Auto-issued by GitHub at the start of every workflow run. We do not configure or rotate it manually. The only thing worth documenting is the scopes we explicitly request per-job:

Workflow	permissions block
ci.yml → p1-eval	contents: write (publishes to eval-results)
wet-eval.yml → wet-eval	contents: write, pull-requests: write
Most other workflows	(default — read-only)

Workflows always declare permissions: explicitly so a workflow file cannot silently inherit broader scopes from the org default.

Operating procedures

When WET_EVAL_OPENAI_KEY is missing

scripts/wet_eval_check.py is the single point of truth: if the key isn't set, the workflow exits cleanly. There is no "fail loudly on fork" code path — silently skipping is the right behaviour because forks legitimately don't carry project-funded billing.
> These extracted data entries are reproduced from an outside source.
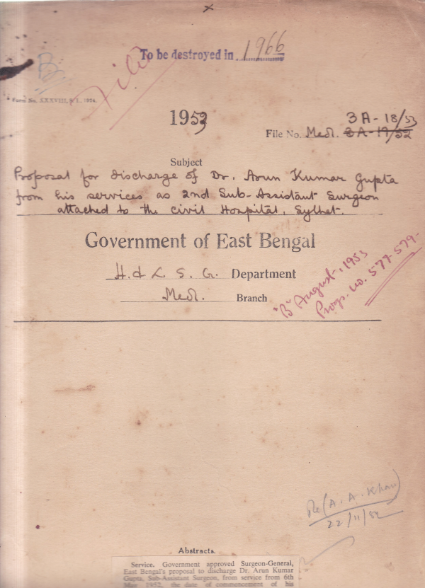 Proposal of discharge of Dr. A.K. Gupta From his service as 2nd S.A.S. attached to the civil hospital Sylhet.
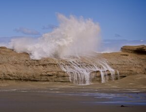 - 03b_Danger Zone – The wave has been so well captured, and the spray detail is sharp. This is a well-balanced photograph. Spray, the sweep of the rocks with dribbling water, then sand with some unperturbed birds. The blue in the sky is also reflected in the sand. Honours
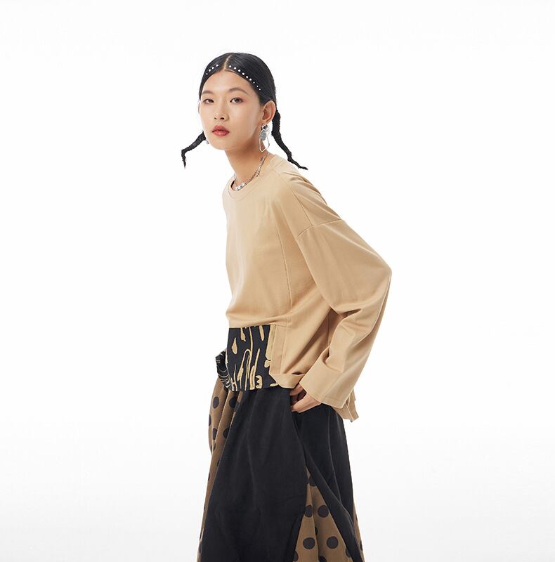 u20488 レディース トップス 上着 カジュアル ラウンドネック ロング丈 上品 卒業 長袖
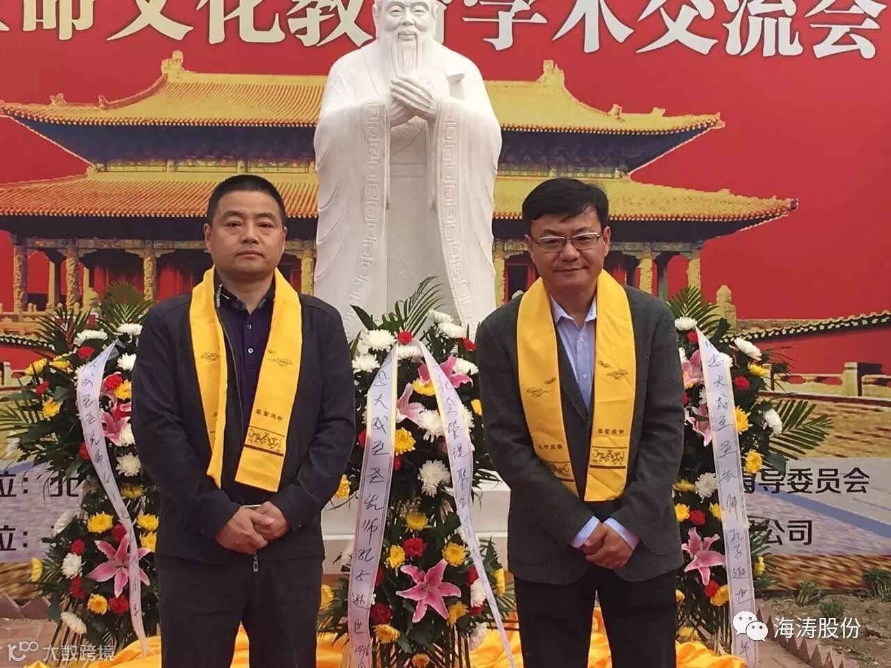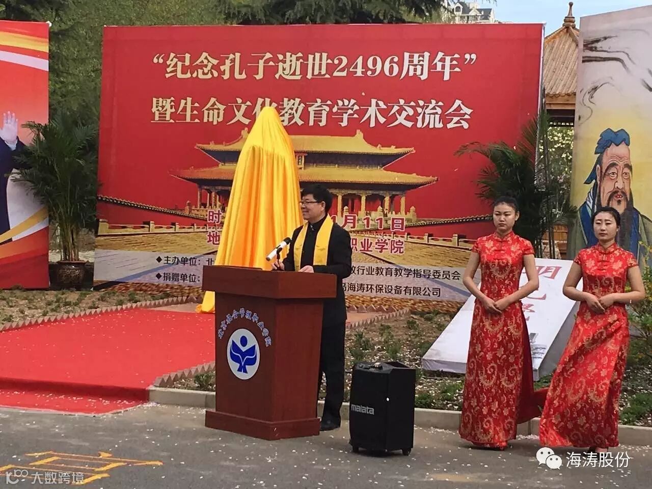 从左至右:北京社会管理职业学院党委常务副书记程伟、北京社会管理职业学院院长、党委书记邹文开、秦皇岛海涛万福环保设备股份有限公司董事长兼总经理孙智勇先生、河北古中山陵园总经理赵志国博士共同为孔子雕像揭幕。

When the weekly PR doesn't open

Most likely causes, in order:

1. PAT expired. Check Settings → Secrets and variables → Actions → AISOC_BENCH_BOT_TOKEN for the configured-on date. Fine-grained PATs expire 180 days after issuance; rotate per the procedure above.
2. Numbers unchanged week-over-week. The workflow exits cleanly with Nothing to commit — wet-eval numbers unchanged. Look at the workflow run logs; this is expected when the agent and rate card haven't moved.
3. Pre-existing branch conflict. A bench/wet-eval-YYYY-MM-DD branch already exists from a manual run. Delete the stale branch and re-run.

When the eval cells in benchmark.md are blank

The substrate placeholder cells (<!-- T2.4 populates -->) only get filled by scripts/wet_eval_update_benchmark.py, which only runs from inside wet-eval.yml. If a cell is blank in production:

1. Check the most recent successful wet-eval run on the Actions tab.
2. If it succeeded, look at apps/docs/static/wet-eval/<date>.json for the wet-eval block — the docs writer reads from there.
3. If the writer hit a --check failure (the markdown scaffold drifted from the wet-eval JSON shape), open an issue: the family list in scripts/wet_eval.py and the table layout in benchmark.md need to be re-aligned.

Auditing what each secret has read

Every workflow run is logged in the Actions tab; the step "Open PR with refreshed wet-eval numbers" shows the bench bot's commit and the URL of the PR it created. The workflow logs themselves are scrubbed of secret values (GitHub does this automatically); the timestamps and the secret name references are auditable from the run's ?check_suite_id payload via the GraphQL API.

See also

• Credential vault and secret management — where tenant-side connector secrets live (Azure client secrets, GCP service accounts, GitHub tokens, ...).
• Public Eval Harness — what the wet-eval job actually measures and how to reproduce it locally.
• The workflow source: .github/workflows/wet-eval.yml.